Restate the entries below exactly. Images are not part of the copy.

[Items from a data source]
=== Section Start ===
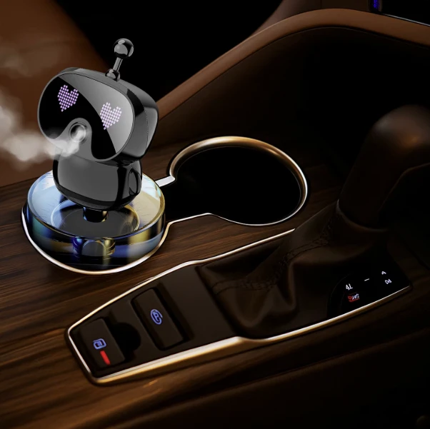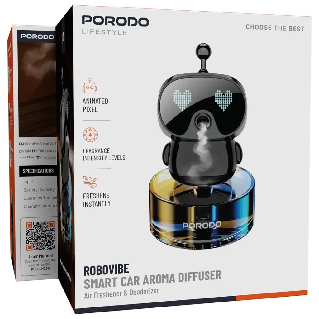 Refresh your car or indoor space instantly with the Porodo Robovibe Smart Car Aroma Diffuser—a sleek, compact, and modern solution for everyday freshness. Equipped with a 50mL oil tank and a rechargeable 300mAh battery, it delivers continuous aroma with four adjustable intensity levels, allowing you to customize the fragrance to your preference. Its high-quality fragrance distribution and deodorizing function keep your environment smelling clean and pleasant at all times. The USB-C interface ensures quick and efficient charging, and with an operating temperature range of 0°C to 60°C, it performs reliably in all weather conditions. Designed to fit perfectly into standard car cup holders, the Robovibe also features a fun animated pixel display that adds a unique, stylish touch to your space. Whether you're driving or relaxing at home, this smart diffuser keeps your surroundings fresh with ease.
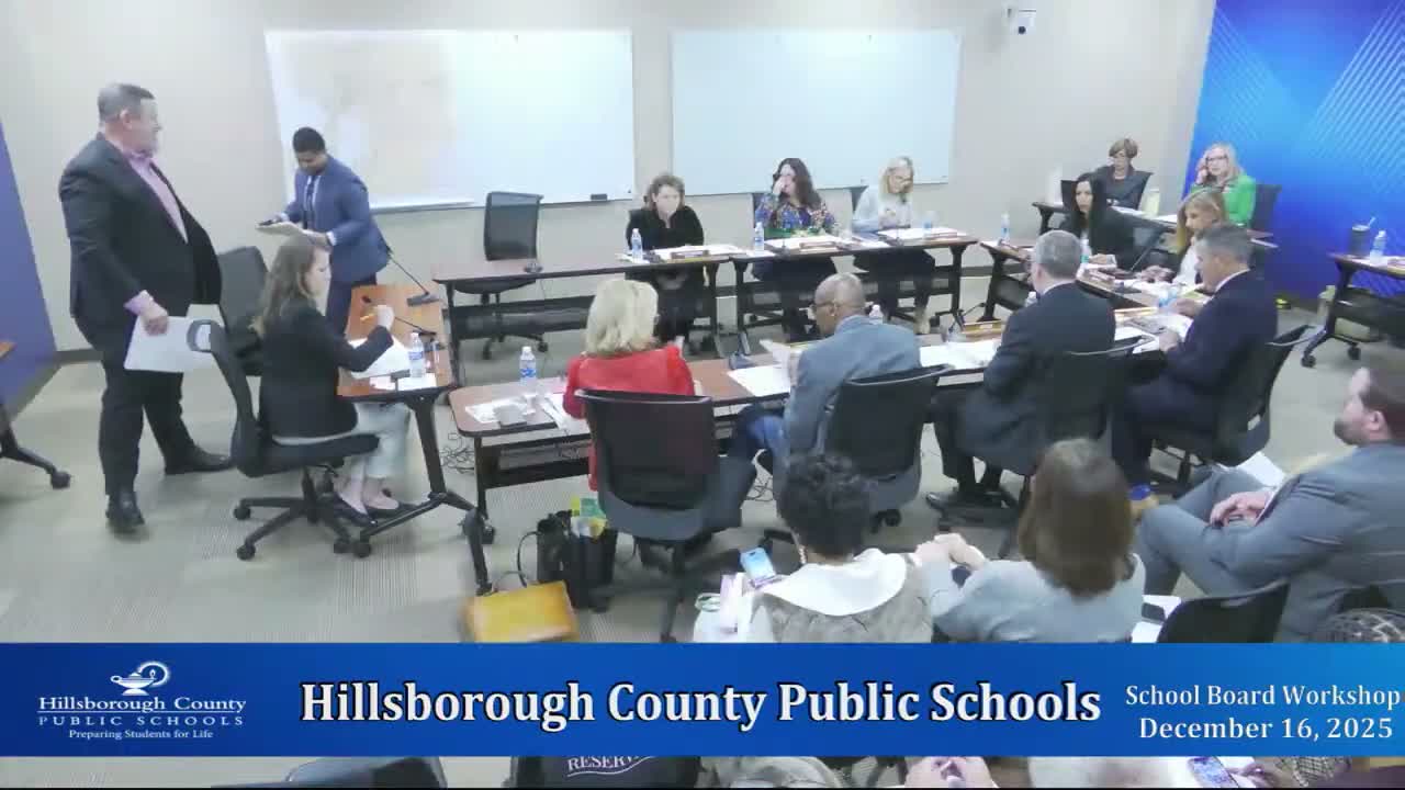The Hillsborough County School Board directed staff to prepare a revised bus-behavior and harassment policy (56.10.04) for public hearing after workshop discussion about driver safety, discipline responsibility and the effects of bus suspensions on special-education students.
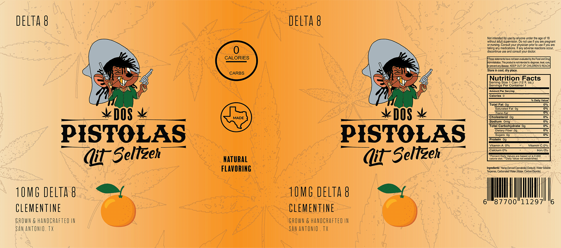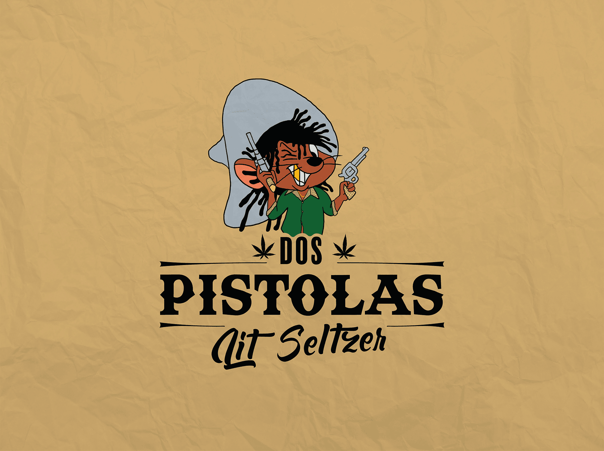 We created playful branding for Dos Pistolas Lit Seltzer, a zero-calorie cannabis-infused drink, featuring a cartoon-inspired logo, pastel colors, and Mexican-Western typography.
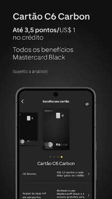 Tingkatkan pengalaman perbankan anda dengan rangkaian kad kredit eksklusif C6 Bank. Dapatkan ganjaran lumayan dengan C6 Carbon, menawarkan sehingga 3.5 mata bagi setiap USD 1 yang dibelanjakan dan akses tanpa had ke ruang rehat VIP Mastercard Black di Guarulhos, serta kemudahan C6 Tag percuma untuk tol. Untuk pilihan yang lebih mudah, C6 Black dan C6 Platinum turut menyediakan faedah menarik termasuk mata ganjaran, pulangan tunai, dan manfaat Mastercard. Di samping itu, urusan pembayaran harian menjadi lebih pantas dan selamat dengan integrasi dompet digital utama dan keupayaan untuk melakukan Pix terus dari Google Wallet, membolehkan pemindahan dana segera tanpa perlu membuka aplikasi perbankan.
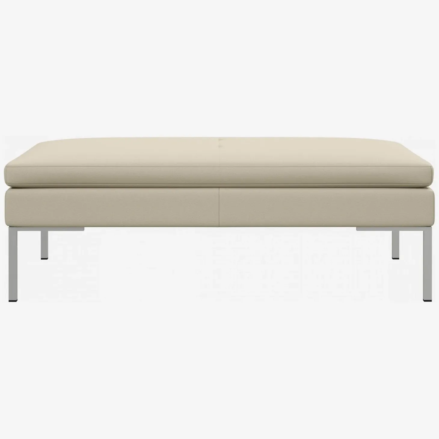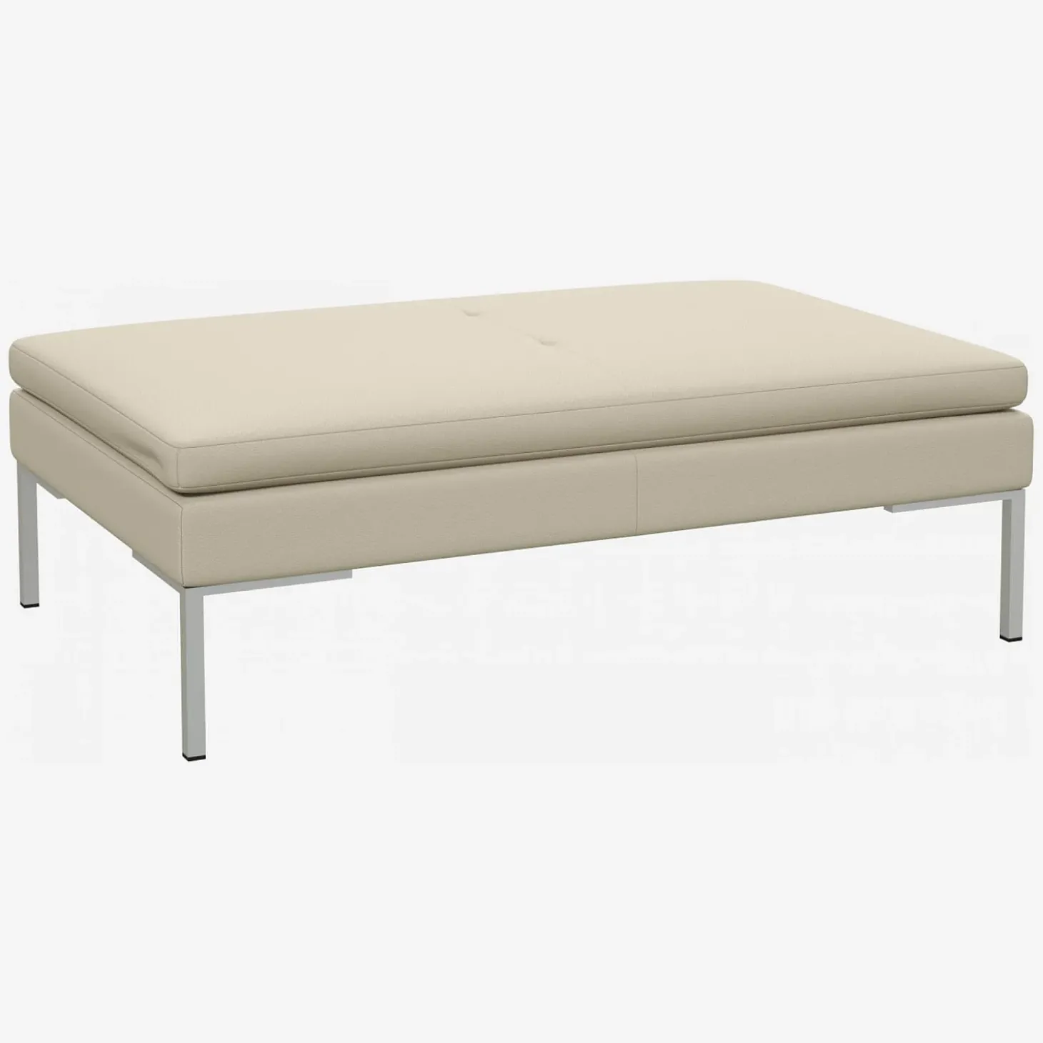 Le repose-pieds Montino en cuir Savoy blanc albâtre invite à la détente. Classiques et élégantes, ses lignes élancées et son design intemporel accompagnent avec élégance votre canapé.
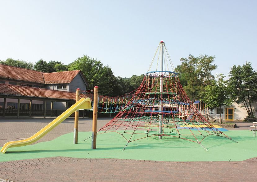 DINO 1 is a large rope play structure with a stainless steel slide, designed for adventurous children aged 6 and up. Built using high-strength steel-core Hercules rope and weather-resistant steel components, it's ideal for schools, parks and large playgrounds seeking a dynamic, durable climbing solution.
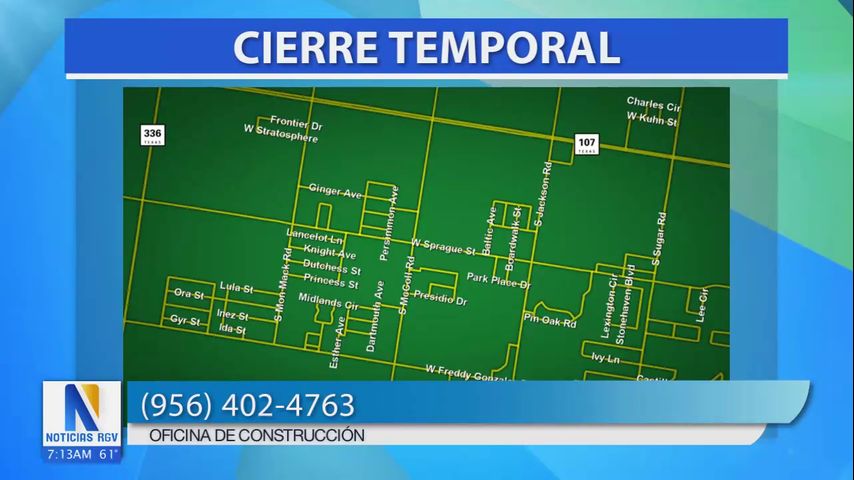 Realizan cierre temporal de la vía South Mccoll en Pharr
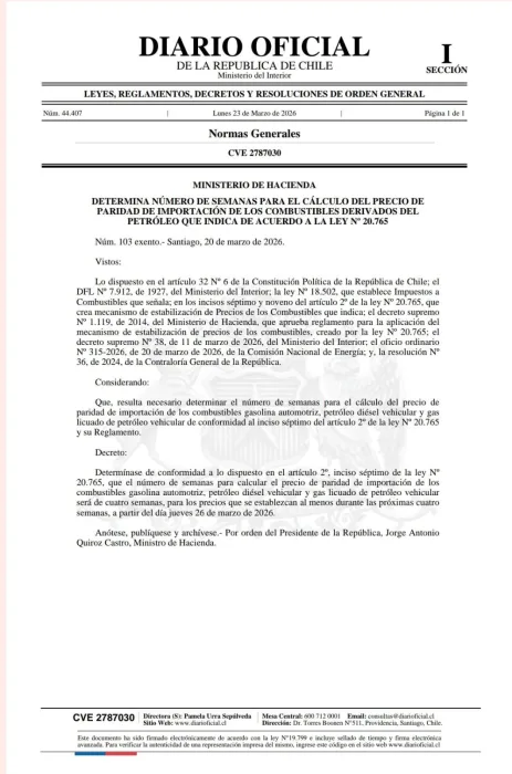 SANTIAGO, CHILE – El Ministerio de Hacienda concretó la mañana de este lunes la publicación en el Diario Oficial del decreto que establece el primer ajuste al mecanismo utilizado para calcular los precios de los combustibles en el país, en un contexto marcado por el debate ante el alza del petróleo a nivel internacional.
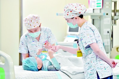 在山東省棗莊市婦幼保健院兒童ICU病房,醫(yī)護(hù)人員為完成靶向治療藥物諾西那生鈉的4歲脊髓性肌萎縮癥患兒加油鼓勁。新華社發(fā)
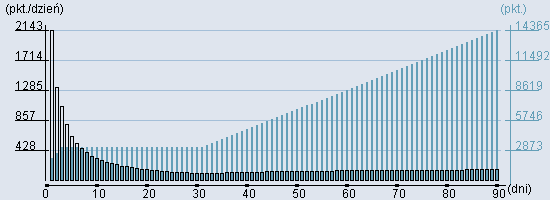 Rozkład realnego czasu hospitalizacji dla tej grupy JGP ![]() Wykres przedstawiąjacy rentowność pobytu pacjenta w zależności od ilości dni. ![]() | ||||||||||||||||||||||||
=== Section End ===
_Result of the exercise_
 Refresh your car or indoor space instantly with the Porodo Robovibe Smart Car Aroma Diffuser—a sleek, compact, and modern solution for everyday freshness. Equipped with a 50mL oil tank and a rechargeable 300mAh battery, it delivers continuous aroma with four adjustable intensity levels, allowing you to customize the fragrance to your preference. Its high-quality fragrance distribution and deodorizing function keep your environment smelling clean and pleasant at all times. The USB-C interface ensures quick and efficient charging, and with an operating temperature range of 0°C to 60°C, it performs reliably in all weather conditions. Designed to fit perfectly into standard car cup holders, the Robovibe also features a fun animated pixel display that adds a unique, stylish touch to your space. Whether you're driving or relaxing at home, this smart diffuser keeps your surroundings fresh with ease.
The Hillsborough County School Board directed staff to prepare a revised bus-behavior and harassment policy (56.10.04) for public hearing after workshop discussion about driver safety, discipline responsibility and the effects of bus suspensions on special-education students.
 We created playful branding for Dos Pistolas Lit Seltzer, a zero-calorie cannabis-infused drink, featuring a cartoon-inspired logo, pastel colors, and Mexican-Western typography.
 Tingkatkan pengalaman perbankan anda dengan rangkaian kad kredit eksklusif C6 Bank. Dapatkan ganjaran lumayan dengan C6 Carbon, menawarkan sehingga 3.5 mata bagi setiap USD 1 yang dibelanjakan dan akses tanpa had ke ruang rehat VIP Mastercard Black di Guarulhos, serta kemudahan C6 Tag percuma untuk tol. Untuk pilihan yang lebih mudah, C6 Black dan C6 Platinum turut menyediakan faedah menarik termasuk mata ganjaran, pulangan tunai, dan manfaat Mastercard. Di samping itu, urusan pembayaran harian menjadi lebih pantas dan selamat dengan integrasi dompet digital utama dan keupayaan untuk melakukan Pix terus dari Google Wallet, membolehkan pemindahan dana segera tanpa perlu membuka aplikasi perbankan.
 Le repose-pieds Montino en cuir Savoy blanc albâtre invite à la détente. Classiques et élégantes, ses lignes élancées et son design intemporel accompagnent avec élégance votre canapé.
 DINO 1 is a large rope play structure with a stainless steel slide, designed for adventurous children aged 6 and up. Built using high-strength steel-core Hercules rope and weather-resistant steel components, it's ideal for schools, parks and large playgrounds seeking a dynamic, durable climbing solution.
 Realizan cierre temporal de la vía South Mccoll en Pharr
 SANTIAGO, CHILE – El Ministerio de Hacienda concretó la mañana de este lunes la publicación en el Diario Oficial del decreto que establece el primer ajuste al mecanismo utilizado para calcular los precios de los combustibles en el país, en un contexto marcado por el debate ante el alza del petróleo a nivel internacional.
 在山東省棗莊市婦幼保健院兒童ICU病房,醫(yī)護(hù)人員為完成靶向治療藥物諾西那生鈉的4歲脊髓性肌萎縮癥患兒加油鼓勁。新華社發(fā)
 Rozkład realnego czasu hospitalizacji dla tej grupy JGP ![]() Wykres przedstawiąjacy rentowność pobytu pacjenta w zależności od ilości dni. ![]() | ||||||||||||||||||||||||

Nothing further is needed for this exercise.